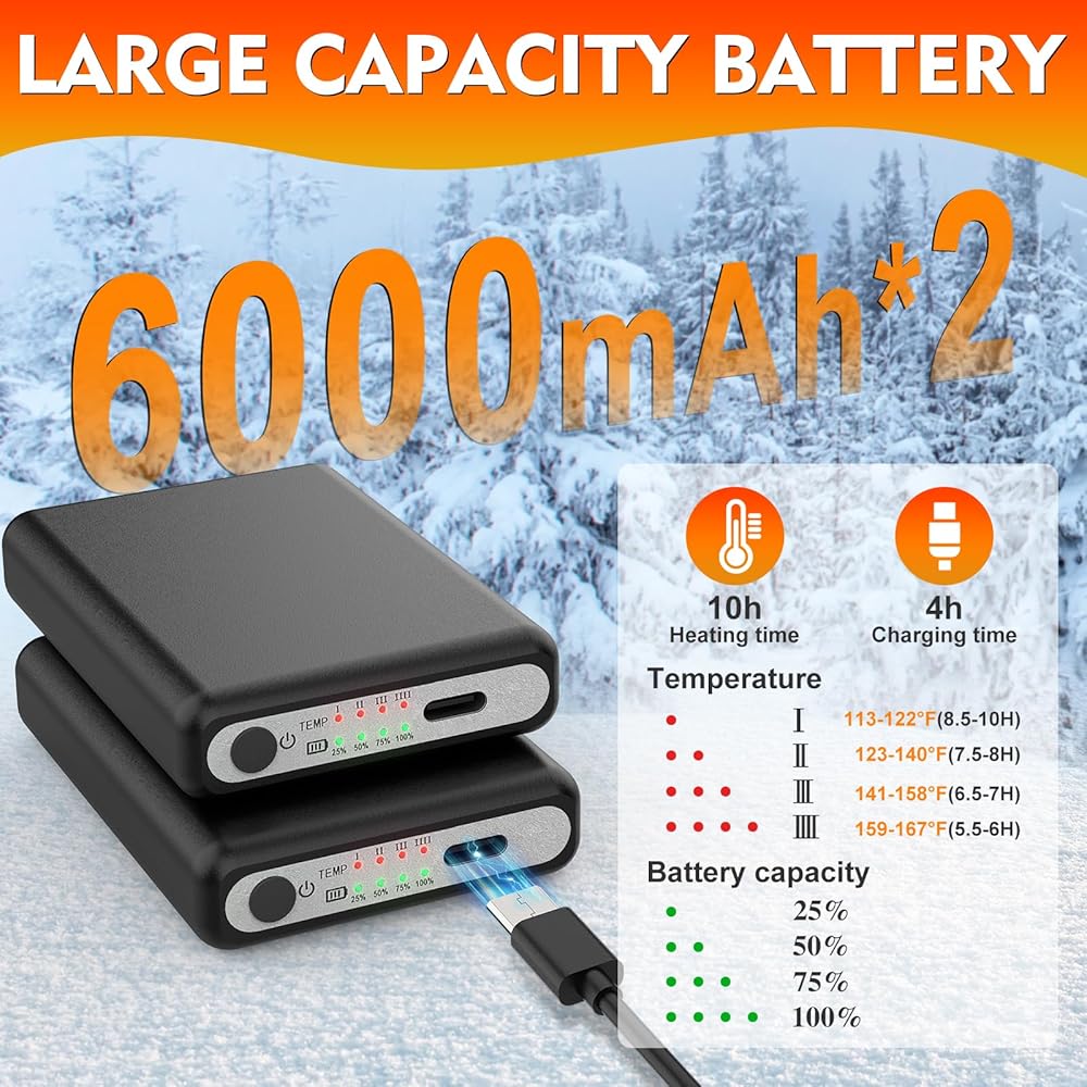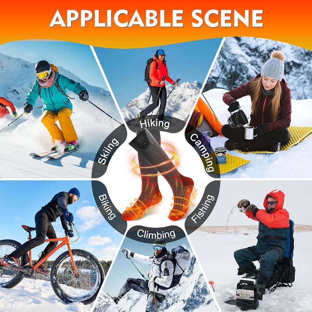 【دفء طويل الأمد مع بطارية 6000 مللي أمبير في الساعة: مجهزة ببطارية قابلة لإعادة الشحن عالية السعة 6000 مللي أمبير في الساعة، تضمن هذه الجوارب الساخنة دفء موثوقًا لمدة تصل إلى 10 ساعات على أقل إعداد. سواء كنت تتزلج أو تتنزه سيرًا على الأقدام أو تعمل في الهواء الطلق، فإن هذه الجوارب التي يتم تسخينها بالبطارية هي الحل الأمثل لراحة ودفء دائمين في درجات الحرارة الباردة.
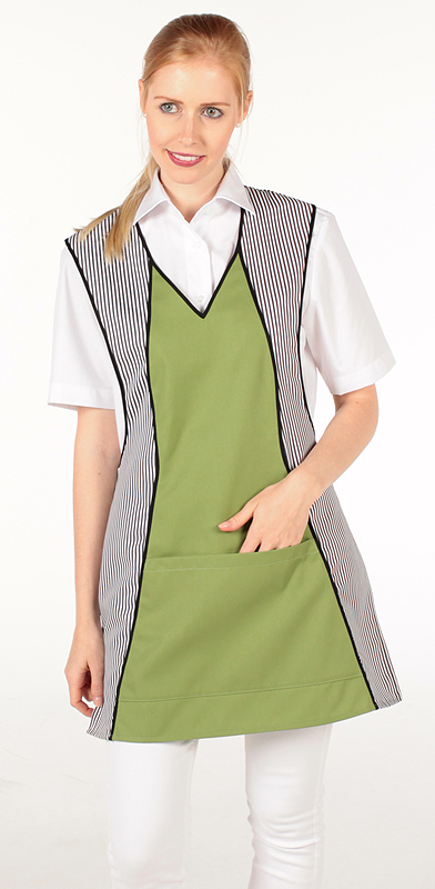 Latzschürze mit einer Mitteltasche, Nackenband mit Klettverschluß verstellbar.
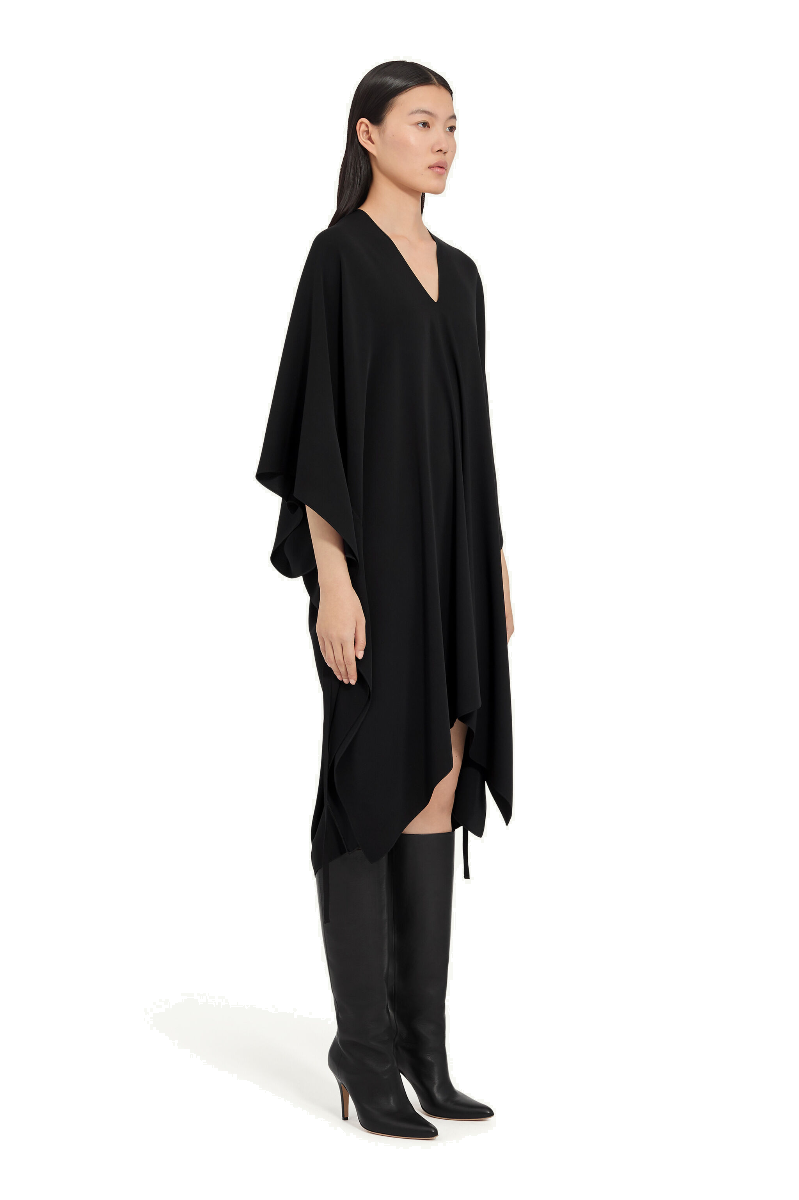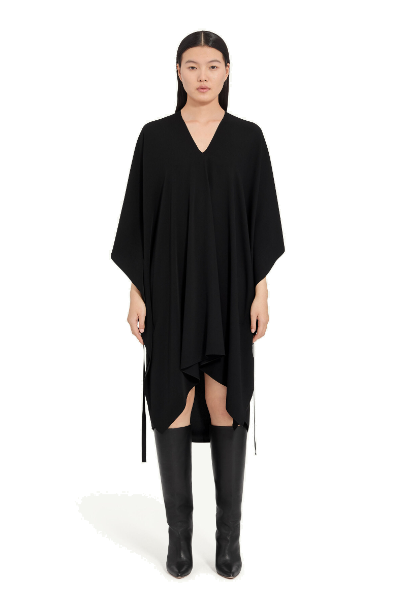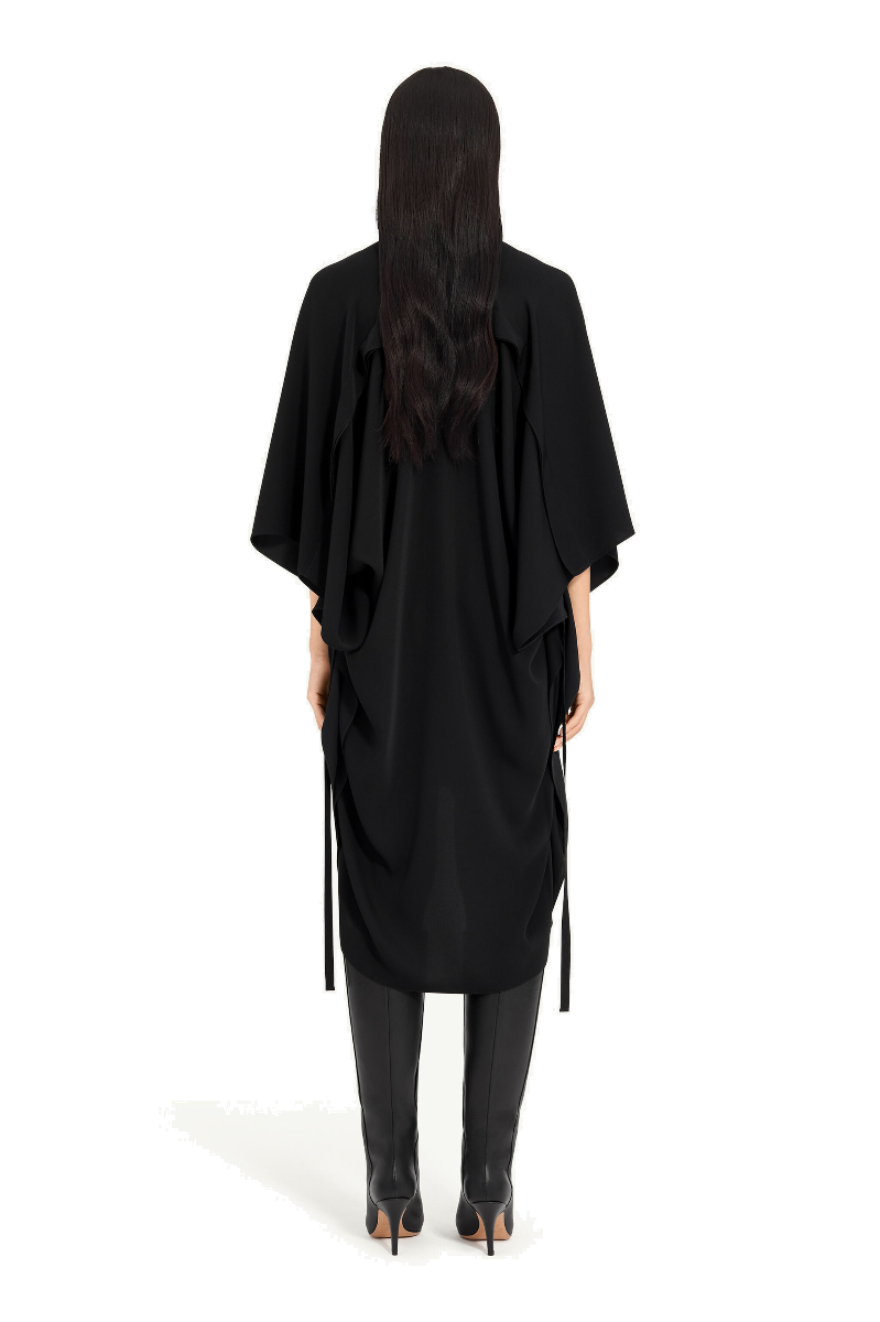 Kleid mit weiten Kimono-Ärmeln voin MM6. Das anpassungsfähige Design bietet vielfältige Stylingmöglichkeiten und kann für eine plastische Raffung vorne oder für luftige, unordentliche Eleganz hinten gebunden werden. Auf der Rückseite zeugt eine weiße Naht von den minimalistischen Codes der MM6-Reihe und verstärkt die elegante und doch dekonstruierte Ästhetik.

▸ Task objective:
What you return must match the material above exactly, minus its pictures.

▸ Worked solution:
 【دفء طويل الأمد مع بطارية 6000 مللي أمبير في الساعة: مجهزة ببطارية قابلة لإعادة الشحن عالية السعة 6000 مللي أمبير في الساعة، تضمن هذه الجوارب الساخنة دفء موثوقًا لمدة تصل إلى 10 ساعات على أقل إعداد. سواء كنت تتزلج أو تتنزه سيرًا على الأقدام أو تعمل في الهواء الطلق، فإن هذه الجوارب التي يتم تسخينها بالبطارية هي الحل الأمثل لراحة ودفء دائمين في درجات الحرارة الباردة.
 Latzschürze mit einer Mitteltasche, Nackenband mit Klettverschluß verstellbar.
 Kleid mit weiten Kimono-Ärmeln voin MM6. Das anpassungsfähige Design bietet vielfältige Stylingmöglichkeiten und kann für eine plastische Raffung vorne oder für luftige, unordentliche Eleganz hinten gebunden werden. Auf der Rückseite zeugt eine weiße Naht von den minimalistischen Codes der MM6-Reihe und verstärkt die elegante und doch dekonstruierte Ästhetik.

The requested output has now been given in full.